What is required: Word for word, repeat the records, leaving every picture behind.

Records for this task:
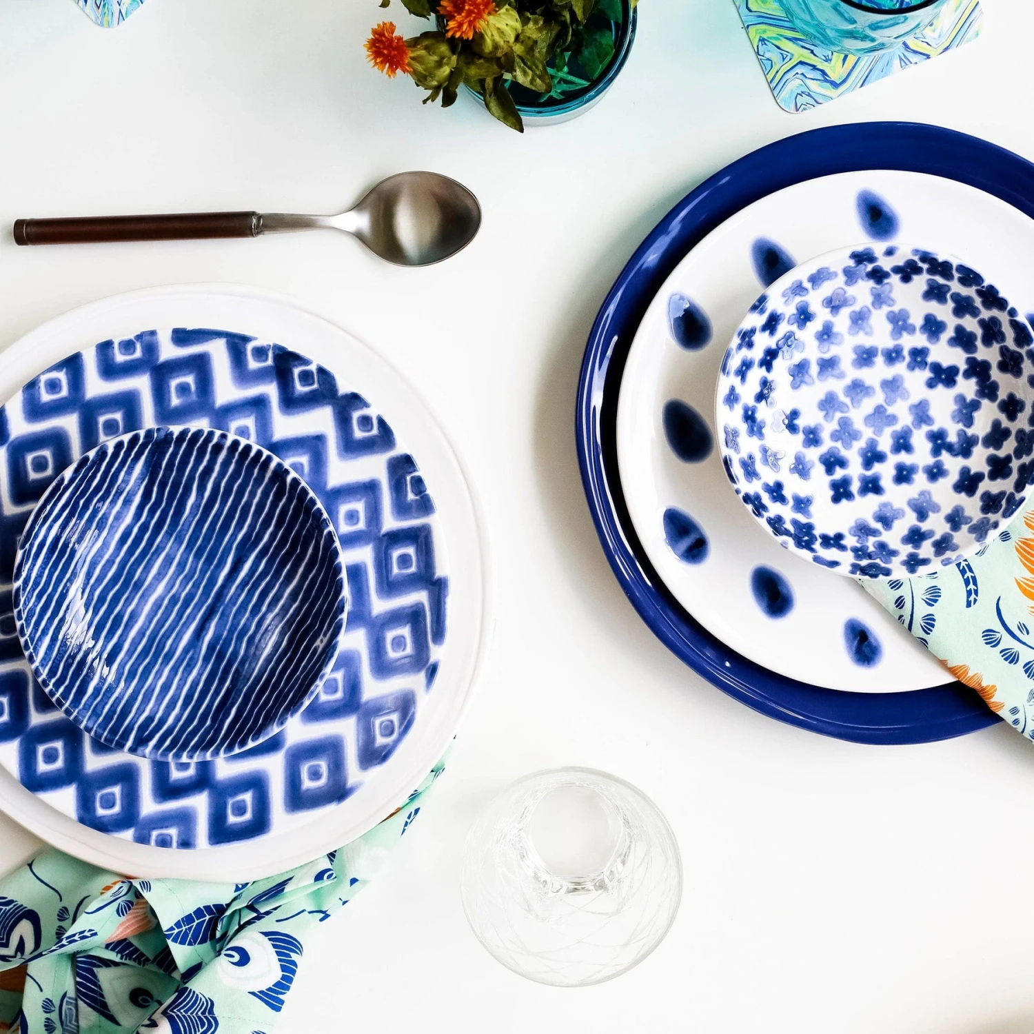 Recreate the beautiful mosaic tiles found in the Greek Isles with the Santorini Diamond Salad Plate, painted on hard ceramic in a fun blue and white pattern.
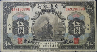 民国十六年民国十六年交通银行伍圆美国钞票公司(山东)
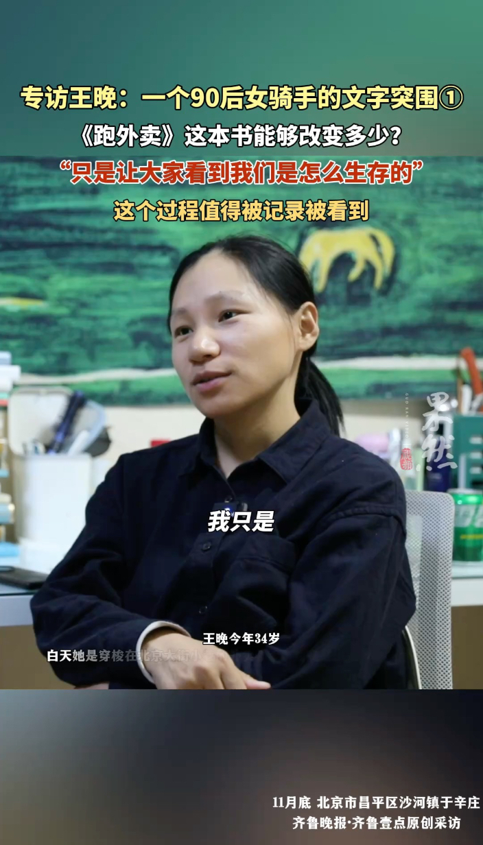 果然视频|王晚谈《跑外卖》:记录底层女性如何生存,希望被看见齐鲁晚报·齐鲁壹点客户端 2025-11-29原创11月底,北京气温跌到零下,齐鲁晚报·齐鲁壹点记者在昌平区沙河镇于辛庄见到了王晚。今年她出版了《跑外卖:一个女骑手的世界》,这本书能够改变多少,她不知道。“我只是让大家看到我们是怎么生存的,怎么看待这个世界的。我们与外界的接触,也许只是取餐的一刹那,但大家看不到我们的生活,我觉得它是值得被记录被看到的。”(齐鲁晚报·齐鲁壹点 记者 李静 路董萌)
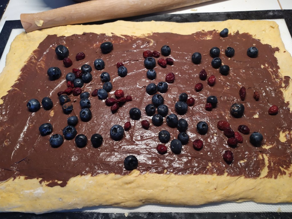 - Mezclamos bien en un bol el queso, cacao y azúcar. Formamos una pasta homogénea y con la espátula repartimos el relleno por toda la masa, dejando un margen en el borde para que no se salga al hornear. Esparcimos los arándanos.
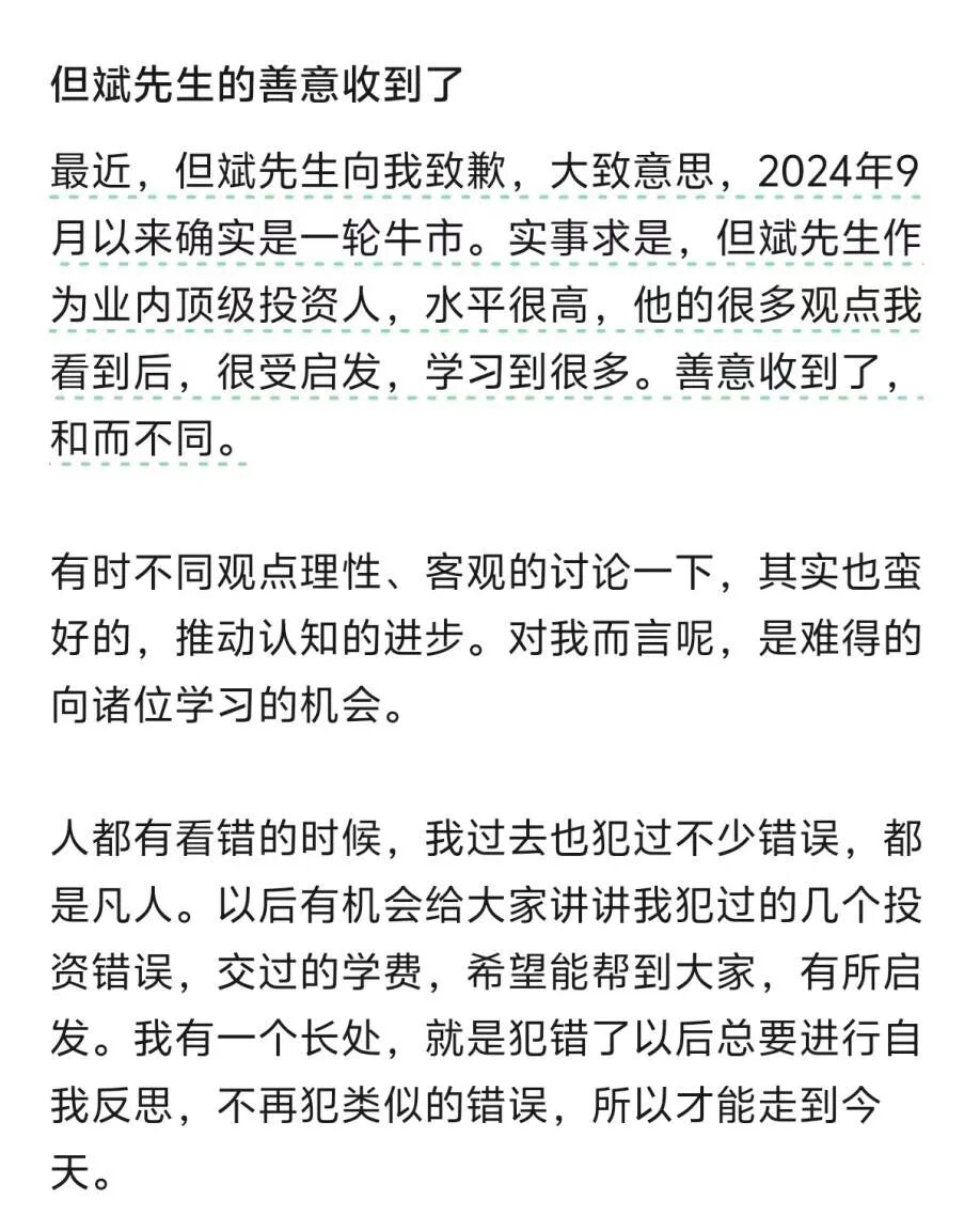 任泽平在文中表示:“最近,但斌先生向我致歉,大致意思是2024年9月以来确实是一轮牛市。实事求是,但斌先生作为业内顶级投资人,水平很高,他的很多观点我看到后,很受启发,学习到很多。善意收到了,和而不同。”
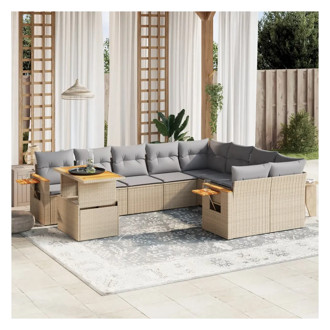 Cet ensemble de canapés de jardin est le complément parfait de votre arrière-cour, terrasse ou patio, offrant un espace confortable et accueillant pour discuter avec la famille et les amis ou simplement se détendre et profiter de l'extérieur. Matériau durable : la résine tressée, également connue sous le nom de poly rotin, est un matériau synthétique solide et nécessitant peu d'entretien qui ressemble au rotin naturel. Il est léger, facile à nettoyer et couramment utilisé pour les meubles d'extérieur en raison de sa durabilité et de ses propriétés de résistance aux intempéries.Dessus de table réglable : le dessus de table peut être soulevé pour rendre la table plus haute, ce qui transforme la table d'extérieur d'une table basse à une table de salle à manger. Elle est parfaite pour recevoir des invités ou prendre des repas à l'extérieur.Table d'appoint pratique : ce mobilier d'extérieur comprend une table d'appoint pliable avec un ressort à gaz sur les accoudoirs, offrant un endroit pratique pour garder vos essentiels à portée de main.Housse amovible et lavable : ces coussins de siège sont dotés de housses amovibles pour un lavage et un entretien faciles.Conception modulaire : cet ensemble de meubles d'extérieur a une conception modulaire, ce qui le rend complètement flexible et facile à déplacer, afin que vous puissiez créer un agencement de meubles d'extérieur personnalisé. Bon à savoir :Pour que vos meubles d'extérieur restent beaux, nous vous recommandons de les protéger avec une housse imperméable.

Solution to this exercise:
 Recreate the beautiful mosaic tiles found in the Greek Isles with the Santorini Diamond Salad Plate, painted on hard ceramic in a fun blue and white pattern.
 民国十六年民国十六年交通银行伍圆美国钞票公司(山东)
 果然视频|王晚谈《跑外卖》:记录底层女性如何生存,希望被看见齐鲁晚报·齐鲁壹点客户端 2025-11-29原创11月底,北京气温跌到零下,齐鲁晚报·齐鲁壹点记者在昌平区沙河镇于辛庄见到了王晚。今年她出版了《跑外卖:一个女骑手的世界》,这本书能够改变多少,她不知道。“我只是让大家看到我们是怎么生存的,怎么看待这个世界的。我们与外界的接触,也许只是取餐的一刹那,但大家看不到我们的生活,我觉得它是值得被记录被看到的。”(齐鲁晚报·齐鲁壹点 记者 李静 路董萌)
 - Mezclamos bien en un bol el queso, cacao y azúcar. Formamos una pasta homogénea y con la espátula repartimos el relleno por toda la masa, dejando un margen en el borde para que no se salga al hornear. Esparcimos los arándanos.
 任泽平在文中表示:“最近,但斌先生向我致歉,大致意思是2024年9月以来确实是一轮牛市。实事求是,但斌先生作为业内顶级投资人,水平很高,他的很多观点我看到后,很受启发,学习到很多。善意收到了,和而不同。”
 Cet ensemble de canapés de jardin est le complément parfait de votre arrière-cour, terrasse ou patio, offrant un espace confortable et accueillant pour discuter avec la famille et les amis ou simplement se détendre et profiter de l'extérieur. Matériau durable : la résine tressée, également connue sous le nom de poly rotin, est un matériau synthétique solide et nécessitant peu d'entretien qui ressemble au rotin naturel. Il est léger, facile à nettoyer et couramment utilisé pour les meubles d'extérieur en raison de sa durabilité et de ses propriétés de résistance aux intempéries.Dessus de table réglable : le dessus de table peut être soulevé pour rendre la table plus haute, ce qui transforme la table d'extérieur d'une table basse à une table de salle à manger. Elle est parfaite pour recevoir des invités ou prendre des repas à l'extérieur.Table d'appoint pratique : ce mobilier d'extérieur comprend une table d'appoint pliable avec un ressort à gaz sur les accoudoirs, offrant un endroit pratique pour garder vos essentiels à portée de main.Housse amovible et lavable : ces coussins de siège sont dotés de housses amovibles pour un lavage et un entretien faciles.Conception modulaire : cet ensemble de meubles d'extérieur a une conception modulaire, ce qui le rend complètement flexible et facile à déplacer, afin que vous puissiez créer un agencement de meubles d'extérieur personnalisé. Bon à savoir :Pour que vos meubles d'extérieur restent beaux, nous vous recommandons de les protéger avec une housse imperméable.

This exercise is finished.